## MATERIAL PROVIDED:
****
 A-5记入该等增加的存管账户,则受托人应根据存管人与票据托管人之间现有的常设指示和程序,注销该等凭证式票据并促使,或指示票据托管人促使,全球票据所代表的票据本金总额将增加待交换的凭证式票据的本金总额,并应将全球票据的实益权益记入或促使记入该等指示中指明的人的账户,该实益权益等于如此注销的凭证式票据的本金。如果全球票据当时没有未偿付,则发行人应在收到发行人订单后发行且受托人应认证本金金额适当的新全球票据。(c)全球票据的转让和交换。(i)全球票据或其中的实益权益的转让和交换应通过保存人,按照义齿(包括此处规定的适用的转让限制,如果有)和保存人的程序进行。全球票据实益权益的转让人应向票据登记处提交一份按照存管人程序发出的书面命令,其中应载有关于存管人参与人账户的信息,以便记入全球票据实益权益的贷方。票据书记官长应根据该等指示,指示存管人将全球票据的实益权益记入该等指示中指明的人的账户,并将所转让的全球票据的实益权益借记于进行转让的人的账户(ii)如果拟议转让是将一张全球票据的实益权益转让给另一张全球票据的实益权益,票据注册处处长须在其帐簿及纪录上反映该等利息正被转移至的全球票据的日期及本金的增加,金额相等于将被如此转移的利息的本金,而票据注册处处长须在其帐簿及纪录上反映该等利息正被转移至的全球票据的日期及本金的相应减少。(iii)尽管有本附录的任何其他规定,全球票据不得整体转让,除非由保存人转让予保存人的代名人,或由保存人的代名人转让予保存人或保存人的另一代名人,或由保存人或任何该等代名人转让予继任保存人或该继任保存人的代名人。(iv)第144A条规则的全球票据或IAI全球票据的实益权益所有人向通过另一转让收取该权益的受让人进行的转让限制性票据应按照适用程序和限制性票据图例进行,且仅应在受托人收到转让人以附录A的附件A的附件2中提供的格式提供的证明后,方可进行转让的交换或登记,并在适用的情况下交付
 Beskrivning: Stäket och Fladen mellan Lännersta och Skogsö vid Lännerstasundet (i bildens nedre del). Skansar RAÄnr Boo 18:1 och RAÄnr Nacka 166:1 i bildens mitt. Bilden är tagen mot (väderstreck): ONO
****
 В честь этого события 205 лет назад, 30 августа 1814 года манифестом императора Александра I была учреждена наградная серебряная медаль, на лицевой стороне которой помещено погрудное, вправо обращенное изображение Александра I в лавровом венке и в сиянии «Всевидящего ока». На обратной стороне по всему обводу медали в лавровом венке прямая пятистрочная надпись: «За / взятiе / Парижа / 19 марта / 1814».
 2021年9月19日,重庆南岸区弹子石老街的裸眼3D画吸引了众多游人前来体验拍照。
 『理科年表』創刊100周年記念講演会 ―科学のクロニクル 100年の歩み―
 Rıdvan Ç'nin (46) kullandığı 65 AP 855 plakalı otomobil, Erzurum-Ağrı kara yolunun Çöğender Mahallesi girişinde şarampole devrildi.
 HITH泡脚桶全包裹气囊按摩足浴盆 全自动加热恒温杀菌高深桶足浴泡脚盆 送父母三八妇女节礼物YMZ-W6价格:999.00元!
****
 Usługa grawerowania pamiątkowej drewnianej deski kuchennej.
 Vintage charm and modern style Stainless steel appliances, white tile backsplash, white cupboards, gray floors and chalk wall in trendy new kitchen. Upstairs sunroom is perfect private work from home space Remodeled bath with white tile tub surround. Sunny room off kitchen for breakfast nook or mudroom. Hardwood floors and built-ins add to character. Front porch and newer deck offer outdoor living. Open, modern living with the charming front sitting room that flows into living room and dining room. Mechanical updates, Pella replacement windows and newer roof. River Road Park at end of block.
****
Copy, exactly and only, the lines above that begin with the one containing "A-5记入该等增加的存管账户" and finish with the one containing "Beskrivning: Stäket och".

 A-5记入该等增加的存管账户,则受托人应根据存管人与票据托管人之间现有的常设指示和程序,注销该等凭证式票据并促使,或指示票据托管人促使,全球票据所代表的票据本金总额将增加待交换的凭证式票据的本金总额,并应将全球票据的实益权益记入或促使记入该等指示中指明的人的账户,该实益权益等于如此注销的凭证式票据的本金。如果全球票据当时没有未偿付,则发行人应在收到发行人订单后发行且受托人应认证本金金额适当的新全球票据。(c)全球票据的转让和交换。(i)全球票据或其中的实益权益的转让和交换应通过保存人,按照义齿(包括此处规定的适用的转让限制,如果有)和保存人的程序进行。全球票据实益权益的转让人应向票据登记处提交一份按照存管人程序发出的书面命令,其中应载有关于存管人参与人账户的信息,以便记入全球票据实益权益的贷方。票据书记官长应根据该等指示,指示存管人将全球票据的实益权益记入该等指示中指明的人的账户,并将所转让的全球票据的实益权益借记于进行转让的人的账户(ii)如果拟议转让是将一张全球票据的实益权益转让给另一张全球票据的实益权益,票据注册处处长须在其帐簿及纪录上反映该等利息正被转移至的全球票据的日期及本金的增加,金额相等于将被如此转移的利息的本金,而票据注册处处长须在其帐簿及纪录上反映该等利息正被转移至的全球票据的日期及本金的相应减少。(iii)尽管有本附录的任何其他规定,全球票据不得整体转让,除非由保存人转让予保存人的代名人,或由保存人的代名人转让予保存人或保存人的另一代名人,或由保存人或任何该等代名人转让予继任保存人或该继任保存人的代名人。(iv)第144A条规则的全球票据或IAI全球票据的实益权益所有人向通过另一转让收取该权益的受让人进行的转让限制性票据应按照适用程序和限制性票据图例进行,且仅应在受托人收到转让人以附录A的附件A的附件2中提供的格式提供的证明后,方可进行转让的交换或登记,并在适用的情况下交付
 Beskrivning: Stäket och Fladen mellan Lännersta och Skogsö vid Lännerstasundet (i bildens nedre del). Skansar RAÄnr Boo 18:1 och RAÄnr Nacka 166:1 i bildens mitt. Bilden är tagen mot (väderstreck): ONO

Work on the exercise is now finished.